SaaS platforms have evolved into expansive ecosystems, offering hundreds of third-party applications and integrations. This complexity will only increase as agentic AI accelerates functionality in the coming years. Therefore, treat SaaS not as isolated services but as interconnected ecosystems. Each major SaaS provider promotes its own ecosystem, which means organizations must monitor and secure these environments holistically, rather than focusing solely on individual applications.1

Gartner®, Mitigate Risks in SaaS-to-SaaS and Machine-to-Machine Connections

 

Our own analysis of the 2025 breaches found a common thread: the lack of ecosystem-wide behavioral monitoring with data-layer context. None of the victim organizations could see an out-of-profile OAuth app silently pulling a large volume of records across multiple SaaS systems. They saw normal API calls on one platform rather than an abnormal pattern across many.

According to Gartner, "By 2027, over 50% of major SaaS-related breaches will exploit overprivileged OAuth tokens used by M2M integrations.”1

The problem: OAuth tokens bypass traditional controls

According to Gartner, "Traditional cybersecurity tools are blind to runtime API behavior and token misuse."1

We see these weaknesses repeatedly in the field:

  • Overprivileged access: OAuth tokens often grant broader permissions than necessary.

  • Persistent access: Tokens stay valid long after sessions should expire.

  • Cross-platform reach: A single token can open doors across multiple SaaS apps.

  • Lack of visibility: Traditional tools can’t monitor data-in-motion across SaaS and AI.

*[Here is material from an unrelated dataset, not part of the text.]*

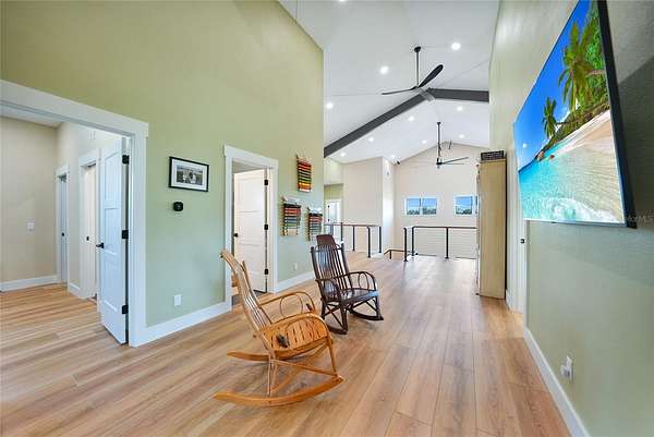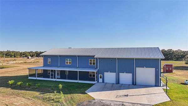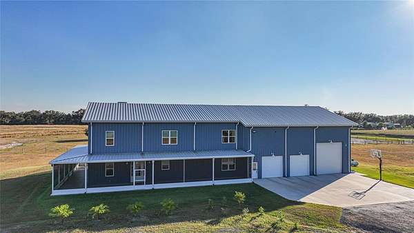 There are homes, there are estates, and then there is this, a commanding 2024-built luxury barndominium that sets a new standard for strength, design, and self-sufficiency. Positioned on 10 fully usable, Ag-zoned acres, this one-of-a-kind property delivers an extraordinary blend of refined luxury and true farm functionality, engineered to perform, built to endure, and finished without compromise. From the moment you arrive, the presence is undeniable. Constructed with a red iron steel structure by ACI Building Systems and CAT-4 rated up to 145 mph, this home is wrapped in impact windows, doors, and garage doors, with the entire shell spray-foam insulated for exceptional efficiency and comfort. Strength and peace of mind are woven into every detail. The two-story interior feels less like a residence and more like a private luxury retreat. Soaring spaces, refined finishes, and intentional design flow throughout nearly 10,000 square feet, while a fully functional fireplace anchors the main living area with warmth and elegance. The kitchen is a true showpiece, designed for both elevated entertaining and everyday indulgence. High-end appliances, generous prep space, and custom finishes define the room, while a huge private butler's pantry provides extensive storage and behind-the-scenes functionality to keep hosting seamless and uncluttered. The primary suite is magazine-worthy in every sense. Designed with balance and indulgence in mind, the bedroom, walk-in closet, and primary bathroom are all equal in size, creating a level of luxury rarely seen. The custom walk-in closet features built-in storage solutions throughout, while the spa-like primary bathroom stuns with an enormous walk-in shower featuring a soaking tub inside the shower itself, transforming daily routines into a true retreat. In total, the home offers four bedrooms, three and a half bathrooms, and multiple flex spaces. A mezzanine provides access to full-height attic storage and discreetly conceals a hidden panic and safety room, adding security without sacrificing design. Outside, the lifestyle expands even further. The wraparound screened porch is a destination of its own, finished with new epoxy floors, a porch swing, and an outdoor shower, perfect for relaxed mornings and quiet evenings. Solar-powered exterior flood lighting is intentionally placed away from the home to minimize bugs, while high-intensity lighting surrounds the property for security and visibility. The garage and utility spaces are truly next level, offering space for multiple vehicles plus a full 48-foot RV, complete with a floor drain and dedicated 50-amp RV service. Two additional 50-amp circuits support electric vehicle charging, while 400-amp electric service and two separate 200-amp FPL feeds ensure uncompromising power capacity. Sustainability and independence are seamlessly built in. A 21kW field-based solar array, engineered for high-wind conditions, feeds a hybrid inverter supported by 42.9 kWh of battery storage. With no electric vehicles, the system averages a net $0 FPL bill, delivering efficiency without sacrificing performance. The home features fully integrated smart technology, advanced security, and whole-property connectivity. A complete list of technology, solar, interior, and exterior features is available upon request. This property is bold, refined and resilient!

The 2025 breaches proved these points. In the Salesloft/Drift incident, attackers stole OAuth tokens from a public GitHub repository and used them to access more than 700 organizations in just ten days.2 The tokens granted full access to Salesforce, Google Workspace, and Zscaler. Because API calls originated from Drift infrastructure, the logs looked completely normal. No single tool saw the simultaneous multi-platform data pull.

Quick answer: Why OAuth tokens matter

OAuth tokens act as the keys to your SaaS kingdom. Once issued, they can grant access across multiple connected applications—often with broader privilege than user passwords ever had. That’s why Gartner now treats token management as an essential identity‑security control.

 

AI agents amplify the problem

Gartner’s prediction about AI agents is already visible in enterprise environments. AI systems are now making API calls, accessing sensitive data, and moving information between platforms faster than humans ever could.

According to Gartner, "Through 2027, 30% of organizations that fail to monitor SaaS integrations will lose significantly more sensitive data to autonomous GenAI agent integrations."1

That 30% number feels conservative to me when you consider that:

  • Enterprises now average 473 SaaS applications.3
  • AI agents operate autonomously with broad permissions.
  • AI agents move data quickly and often go unseen by security teams.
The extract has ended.